# Given information:

------------------------------------------------------------

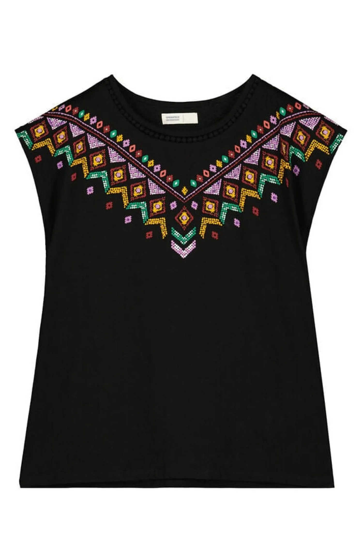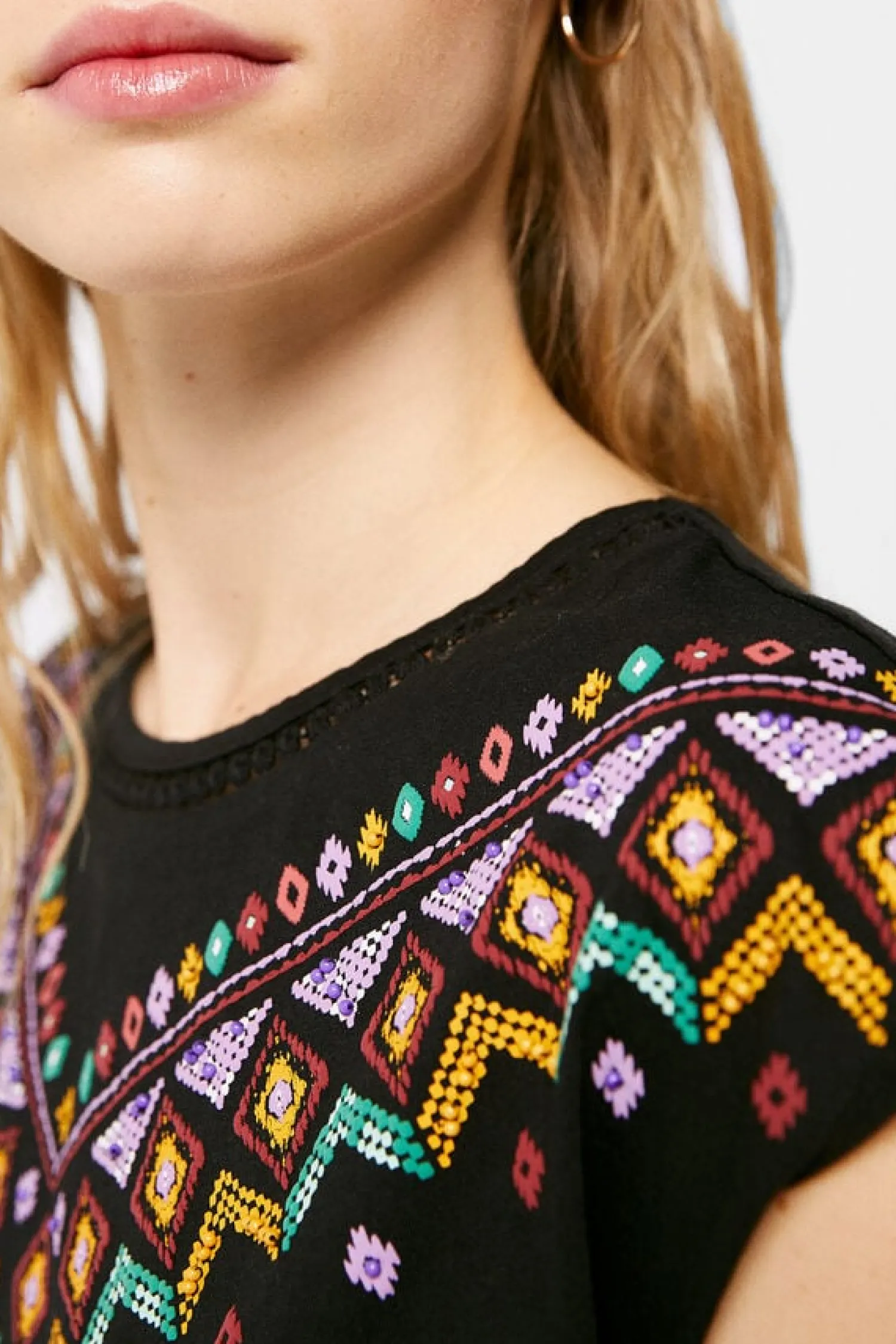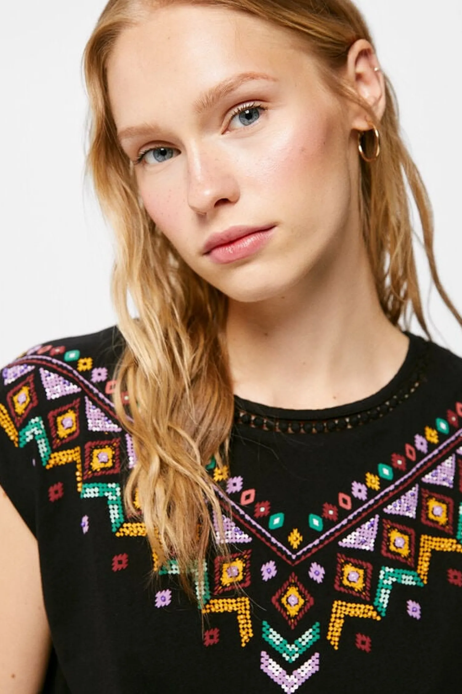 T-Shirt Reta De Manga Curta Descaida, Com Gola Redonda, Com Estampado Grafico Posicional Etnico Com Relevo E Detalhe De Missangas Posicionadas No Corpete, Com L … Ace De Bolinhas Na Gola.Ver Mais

------------------------------------------------------------

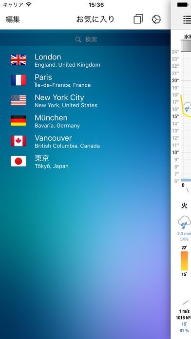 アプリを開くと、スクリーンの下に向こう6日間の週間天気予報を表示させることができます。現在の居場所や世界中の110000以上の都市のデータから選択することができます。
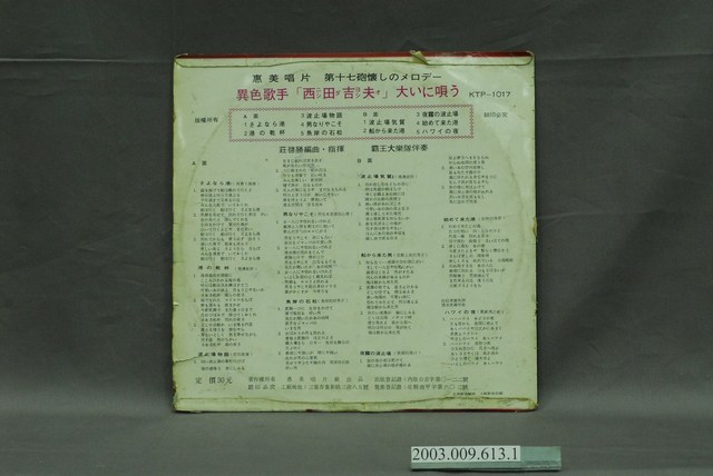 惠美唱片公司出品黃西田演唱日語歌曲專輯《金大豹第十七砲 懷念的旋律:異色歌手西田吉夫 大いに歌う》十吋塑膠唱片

------------------------------------------------------------

# Your assignment:
Above this task is a listing with pictures in it. Retype only the lines from the one containing "アプリを開くと、スクリーンの" through the one containing "惠美唱片公司出品黃西田演唱日語歌曲專輯《金大豹第十七砲 懷念的旋律:異色歌手西田吉夫 大いに歌う》十吋塑膠唱片", both included, and not the pictures.

# Written answer:
 アプリを開くと、スクリーンの下に向こう6日間の週間天気予報を表示させることができます。現在の居場所や世界中の110000以上の都市のデータから選択することができます。
 惠美唱片公司出品黃西田演唱日語歌曲專輯《金大豹第十七砲 懷念的旋律:異色歌手西田吉夫 大いに歌う》十吋塑膠唱片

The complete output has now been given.